DATA EXTRACT:
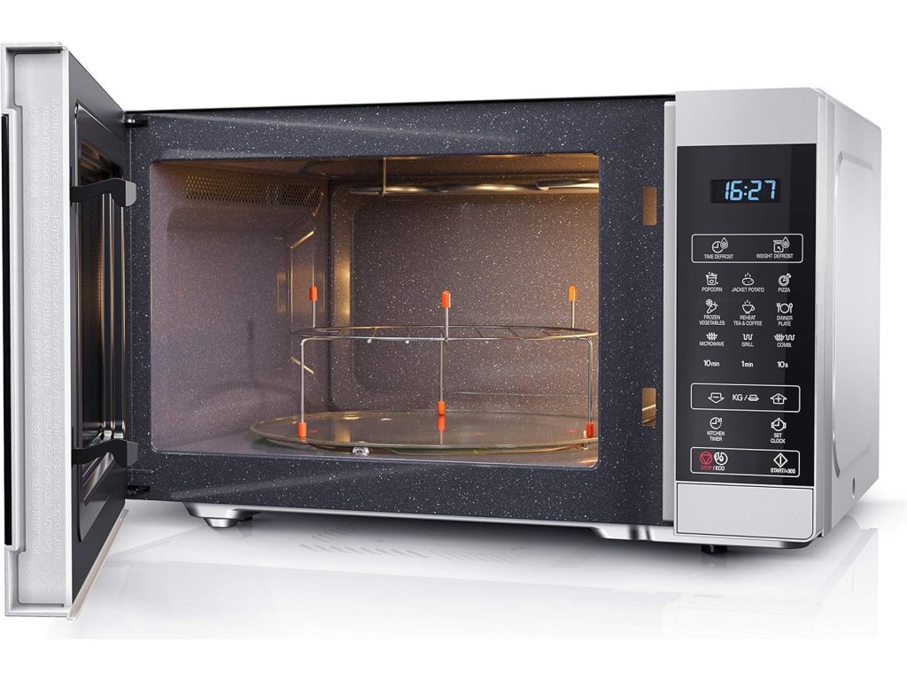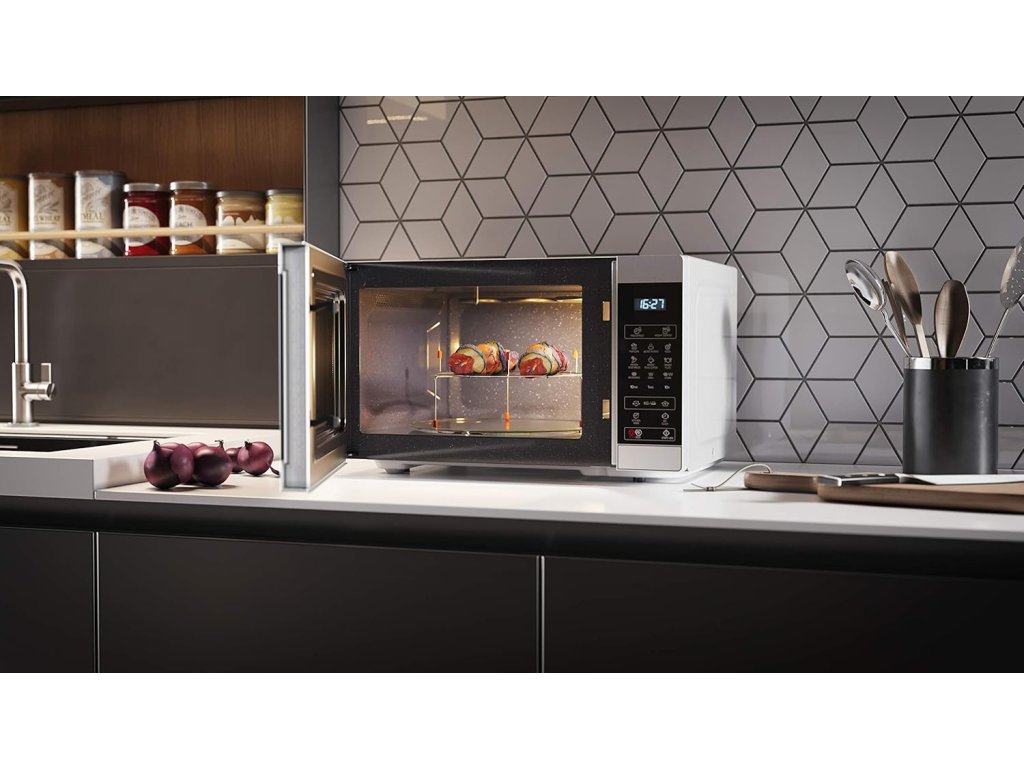 Kombinácia 900W mikrovlnného výkonu a 1100W grilovacieho výkonu umožňuje nielen rýchly ohrev, ale aj opekanie a grilovanie. K dispozícii je 11 úrovní výkonu a 8 automatických programov vrátane rozmrazovania podľa času alebo hmotnosti. Plne digitálne dotykové ovládanie je prehľadné a intuitívne, takže príprava jedla je rýchla a bezproblémová.
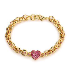 Red Diamond Heart Charm Belcher Bracelet (Gold Filled)
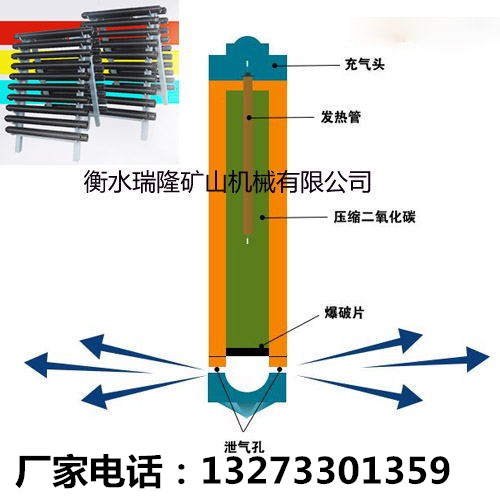 二氧化碳物理致裂利用的是液态二氧化碳吸热气化膨胀,压力急速上升的物理原理。由灌充液态二氧化碳的钢管,活化器,泄能组件,充气组件,点火电路连接组件,以及XXX连接辅助组件组成。通过活化器加热使液态二氧化碳瞬间气化,释放高压气体能量,破裂岩石、煤层、混凝土等目标材料。解决了以往用咋要致裂开采和预裂中破坏性大、危险性高、矿体粉粹等缺点,为矿山安全开采和预裂提供可靠*证。

TASK: Could you reproduce all of the material exactly? Keep the pictures out of it.

EXERCISE RESPONSE:
 Kombinácia 900W mikrovlnného výkonu a 1100W grilovacieho výkonu umožňuje nielen rýchly ohrev, ale aj opekanie a grilovanie. K dispozícii je 11 úrovní výkonu a 8 automatických programov vrátane rozmrazovania podľa času alebo hmotnosti. Plne digitálne dotykové ovládanie je prehľadné a intuitívne, takže príprava jedla je rýchla a bezproblémová.
 Red Diamond Heart Charm Belcher Bracelet (Gold Filled)
 二氧化碳物理致裂利用的是液态二氧化碳吸热气化膨胀,压力急速上升的物理原理。由灌充液态二氧化碳的钢管,活化器,泄能组件,充气组件,点火电路连接组件,以及XXX连接辅助组件组成。通过活化器加热使液态二氧化碳瞬间气化,释放高压气体能量,破裂岩石、煤层、混凝土等目标材料。解决了以往用咋要致裂开采和预裂中破坏性大、危险性高、矿体粉粹等缺点,为矿山安全开采和预裂提供可靠*证。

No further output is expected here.